### Activity:
The following data needs to be repeated exactly, with all images excluded.

### Provided data:
□ □ □

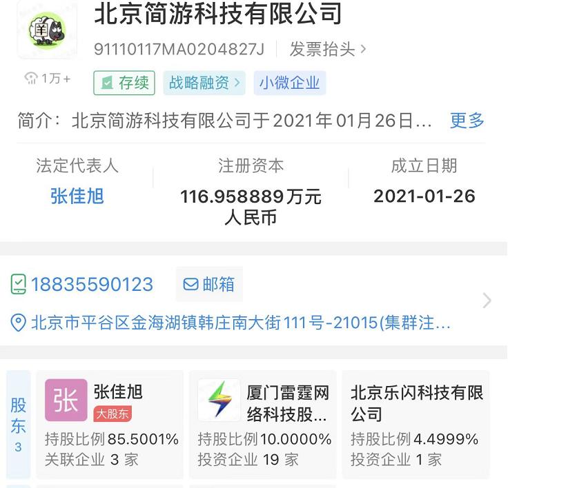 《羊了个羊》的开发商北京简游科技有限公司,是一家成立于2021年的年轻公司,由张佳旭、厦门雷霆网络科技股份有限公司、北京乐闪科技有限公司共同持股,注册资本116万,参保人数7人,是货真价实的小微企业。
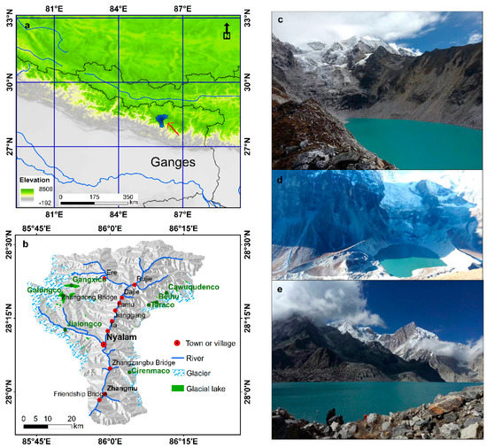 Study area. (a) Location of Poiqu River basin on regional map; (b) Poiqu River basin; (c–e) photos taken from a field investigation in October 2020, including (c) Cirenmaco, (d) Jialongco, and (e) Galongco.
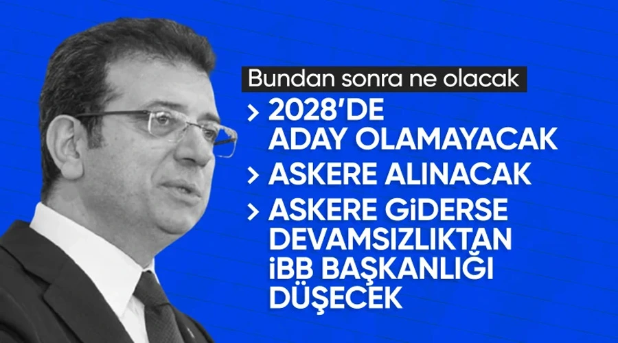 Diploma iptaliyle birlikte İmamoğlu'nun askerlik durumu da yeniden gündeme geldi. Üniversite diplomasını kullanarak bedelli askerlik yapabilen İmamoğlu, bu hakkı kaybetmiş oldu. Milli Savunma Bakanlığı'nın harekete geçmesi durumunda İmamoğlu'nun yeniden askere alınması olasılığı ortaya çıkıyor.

□ □ □

### Exercise response:
 《羊了个羊》的开发商北京简游科技有限公司,是一家成立于2021年的年轻公司,由张佳旭、厦门雷霆网络科技股份有限公司、北京乐闪科技有限公司共同持股,注册资本116万,参保人数7人,是货真价实的小微企业。
 Study area. (a) Location of Poiqu River basin on regional map; (b) Poiqu River basin; (c–e) photos taken from a field investigation in October 2020, including (c) Cirenmaco, (d) Jialongco, and (e) Galongco.
 Diploma iptaliyle birlikte İmamoğlu'nun askerlik durumu da yeniden gündeme geldi. Üniversite diplomasını kullanarak bedelli askerlik yapabilen İmamoğlu, bu hakkı kaybetmiş oldu. Milli Savunma Bakanlığı'nın harekete geçmesi durumunda İmamoğlu'nun yeniden askere alınması olasılığı ortaya çıkıyor.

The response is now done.